La vuelta fechada del calendario reanima cíclicamente el pensamiento mágico. Que lo nefasto se disipe, lo grandioso nos abarque, la felicidad nos alcance, nada lamentemos y ocurra el milagro esperado: esto y más se ruega al inicio de cada año. Inherente al sentido de lo humano, el mismo clamor se escuchó en ocasiones señaladas hace miles de años en Atenas, en Luxor, en Babilonia, en Tebas, en Persépolis o en Roma y en nuestra casa hoy, en la del vecino y en una remota aldea de la Bolivia profunda. Tan vieja aspiración, sin embargo, no impidió ni aún evita la adversidad, aunque ya nadie ignora que lo grave y brutal es menos dramático en sociedades organizadas, donde la civilidad supera la barbarie, donde existen niveles medios de educación, la mayoría no sufre indignación ni miseria y tanto gobernantes como gobernados están expuestos a someterse a las consecuencias de sus actos.

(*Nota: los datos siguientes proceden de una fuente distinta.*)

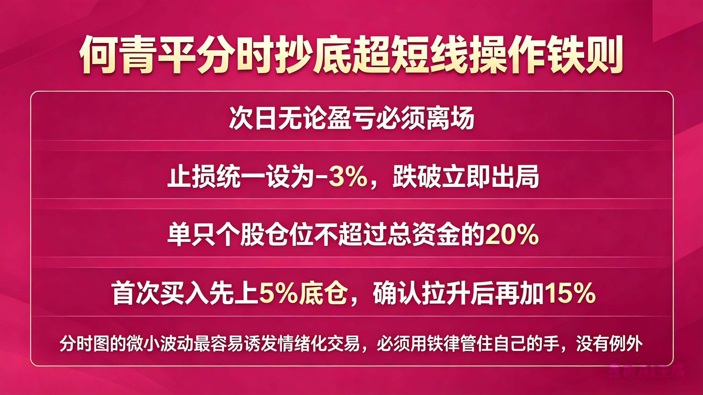 分时抄底属于超短线操作,何青平规定次日无论盈亏必须离场。止损统一设为-3%,一旦跌破立即出局,绝不补仓,也不找任何借口。仓位控制上,单只个股不超过总资金的20%,首次买入先上5%底仓,确认拉升后再加15%。他说,分时图的微小波动最容易诱发情绪化交易,必须用铁律管住自己的手,没有例外。
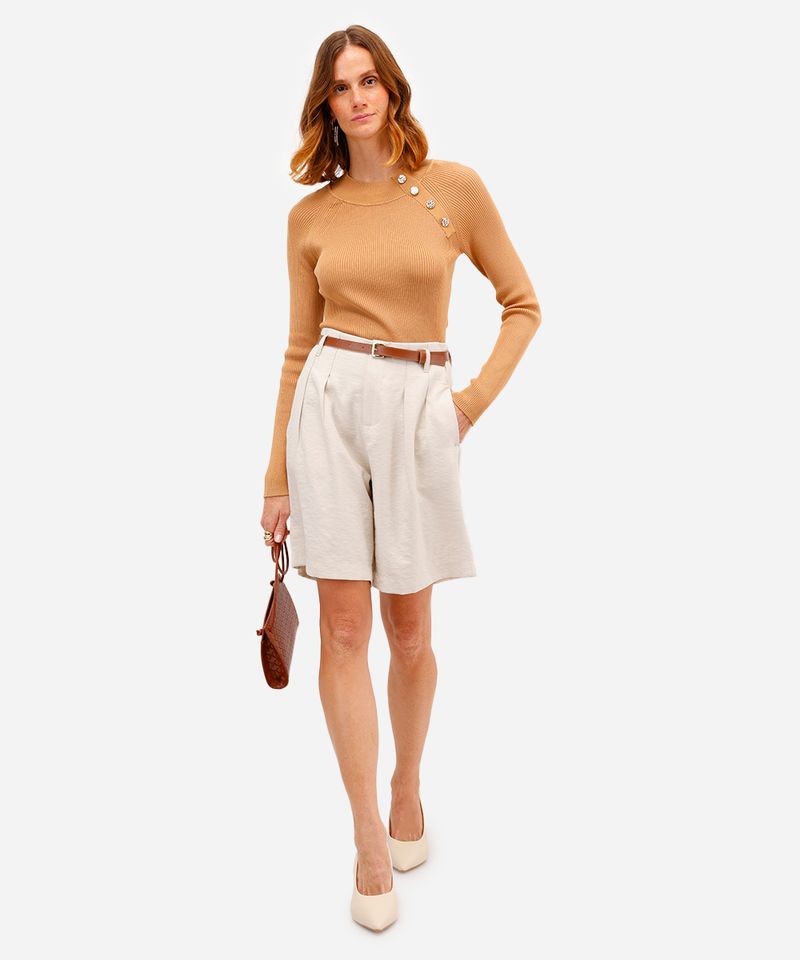 Esta bermuda de alfaiataria foi desenhada com detalhes que fazem a diferença:
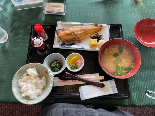ランチは、ほっけと豚汁を食す。なかなかグー。ランチはM.Tさんにご馳走になる。ご馳走様でした。
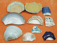 经过初步整理,此次出土的大量瓷器(片),按时代可分为宋代、元代瓷器(片)和明代瓷器(片),以明代早中期景德镇青花瓷器(片)为大宗。绝大部分是民窑产品,仅有个别出自官窑。普遍带有摩擦、磕碰、锔补等使用痕迹。宋代瓷器(片)极少,为钧窑系、定窑系产品。元代瓷器(片)的窑口有景德镇窑系、龙泉窑系、钧窑系、磁州窑系、枢府窑等。品种有白瓷、青瓷、黑瓷、龙泉釉、白地釉下黑彩、白地釉下酱彩、白地釉下黑彩划花、枢府釉等,还有极少量的青花。器型有各类碗、盘、杯、炉、碟、罐、壶、瓶、洗、筒以及少量瓷塑,并发现有较为罕见的白瓦。主体纹饰有花草、人物、动物等题材,辅助纹饰有变体莲瓣纹、卷草纹、云纹、蕉叶纹等,部分龙泉窑瓷器(片)上压印有文字。明代瓷器(片)绝大部分属于明代早中期景德镇民窑烧造的青花产品,官窑的很少。窑口有景德镇窑系、龙泉窑系、磁州窑系、玉溪窑等。品种繁多,有青花、白瓷、青瓷、黑瓷、龙泉釉、仿龙泉釉、蓝地白花、霁蓝、酱釉、红绿彩、素三彩、外龙泉里青花、外霁蓝里青花、外酱釉里青花、珐华、琉璃、仿哥釉、青花斗彩等。
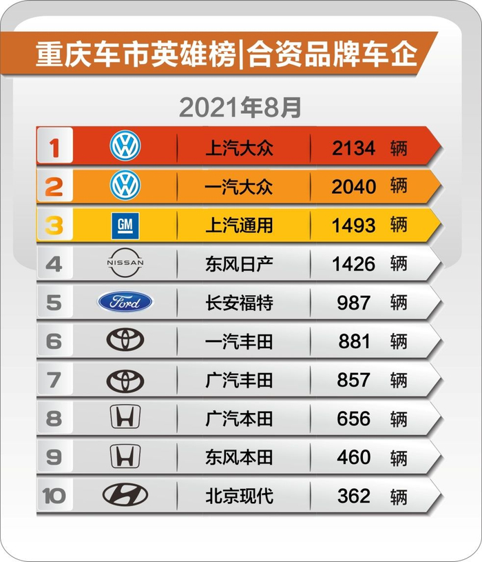 上汽大众、一汽大众、上汽通用分别以2134辆、2040辆、1493辆位居榜单前三位。东风日产、长安福特、“两田”、北京现代紧随其后。

Platón ilustró nuestra dualidad con el mito del carro alado, cuyo auriga (el alma o intelecto) trata de conducir en equilibrio a los dos caballos: uno noble y otro vil. En tanto y el primero pondera los beneficios de la virtud, el segundo representa los impulsos comunes que sin el gobierno de la racionalidad causan daños tremendos. El corcel brioso es indómito, agresivo e intimidante. Basta un solo vistazo para comprobar lo que su índole es capaz de provocar a sí mismo y a los demás. Al respecto, invariablemente asocio la realidad mexicana a esta batalla metafórica entre civilización y barbarie, en la que el equino más bruto aventaja en potencia al de buena raza y deja mal parado al infeliz y por demás torpe auriga. Si bien el pasado arroja ejemplos a puños sobre la torpe conducción del carro nacional y la supremacía de lo adverso sobre lo racional, el 2014 se encumbró en la historia contemporánea como un verdadero Annus Horribilis al que no faltaron catástrofes naturales, criminalidad, episodios sangrientos, abuso de poder, corrupción, engaño, rapiña, ingobernabilidad, desempleo, marginación étnica y femenina, ignorancia, pobreza....

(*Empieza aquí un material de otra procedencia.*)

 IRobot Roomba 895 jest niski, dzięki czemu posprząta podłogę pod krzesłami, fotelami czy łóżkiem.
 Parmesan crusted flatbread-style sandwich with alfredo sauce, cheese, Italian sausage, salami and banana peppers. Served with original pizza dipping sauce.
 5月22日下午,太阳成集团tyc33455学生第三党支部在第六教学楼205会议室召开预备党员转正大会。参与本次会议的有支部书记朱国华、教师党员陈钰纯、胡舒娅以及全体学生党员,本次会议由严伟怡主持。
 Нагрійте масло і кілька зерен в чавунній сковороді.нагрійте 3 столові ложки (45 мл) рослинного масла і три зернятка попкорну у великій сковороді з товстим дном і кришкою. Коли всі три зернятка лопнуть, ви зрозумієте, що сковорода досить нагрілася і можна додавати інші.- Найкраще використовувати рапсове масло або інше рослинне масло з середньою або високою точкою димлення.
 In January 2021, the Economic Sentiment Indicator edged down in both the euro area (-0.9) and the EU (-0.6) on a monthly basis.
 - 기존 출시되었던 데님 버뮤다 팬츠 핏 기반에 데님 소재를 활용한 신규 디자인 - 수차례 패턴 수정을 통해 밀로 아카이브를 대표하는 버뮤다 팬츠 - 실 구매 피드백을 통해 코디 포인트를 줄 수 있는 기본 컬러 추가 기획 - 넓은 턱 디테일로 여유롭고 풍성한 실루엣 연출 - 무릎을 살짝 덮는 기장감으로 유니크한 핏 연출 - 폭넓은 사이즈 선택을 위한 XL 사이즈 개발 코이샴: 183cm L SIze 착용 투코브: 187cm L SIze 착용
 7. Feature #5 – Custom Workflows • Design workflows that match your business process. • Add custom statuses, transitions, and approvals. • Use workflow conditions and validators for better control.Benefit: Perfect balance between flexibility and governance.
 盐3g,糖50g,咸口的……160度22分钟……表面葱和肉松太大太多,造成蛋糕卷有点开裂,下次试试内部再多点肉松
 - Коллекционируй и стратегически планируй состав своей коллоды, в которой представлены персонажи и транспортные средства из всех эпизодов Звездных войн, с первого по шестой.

Al descubrir el carácter telúrico que impera en México comencé a preguntarme por qué en nuestra cultura es más visible y dominante la parte salvaje, sanguinaria, impulsiva y claramente asociada al embustero, mañoso y perverso Huitzilopochtli. La deficiente formación es indudable, aunque debe haber otra explicación de por qué nuestro pueblo es tan proclive a ceder a su parte adversa en vez de cultivar su razón, como otras culturas se han distinguido desde la antigüedad remota, no obstante sus defecciones. La ausencia de filósofos y escasez de pensadores no es en este sentido mera casualidad. Debe haber, sí, una causa que no acabo de descifrar de por qué la brutalidad, el maltrato a mujeres y niños que encumbra el machismo y esa horrible tentación a rechazar lo bello, refinado y culto producen tanta incomodidad perversa  no únicamente a la clase política, sino al grueso de la sociedad.

Salvo por sus siempre notables no obstante minoritarios alcances de la razón y la moral,  por consiguiente, el hombre es tan poco original como temeroso, desvalido, codicioso e ingenuo al pretenderse superior y excepcional. Y es por este filón por el que la esperanza se intensifica, alimenta la fe religiosa y aviva el sueño de properidad que se repite cíclicamente. Hoy, a propósito del inicio del 2015, nada es más intrigante que ese universal temor revestido de felicidad, de paz o siquiera de bienestar: algo que, a todas luces, la realidad nos está negando.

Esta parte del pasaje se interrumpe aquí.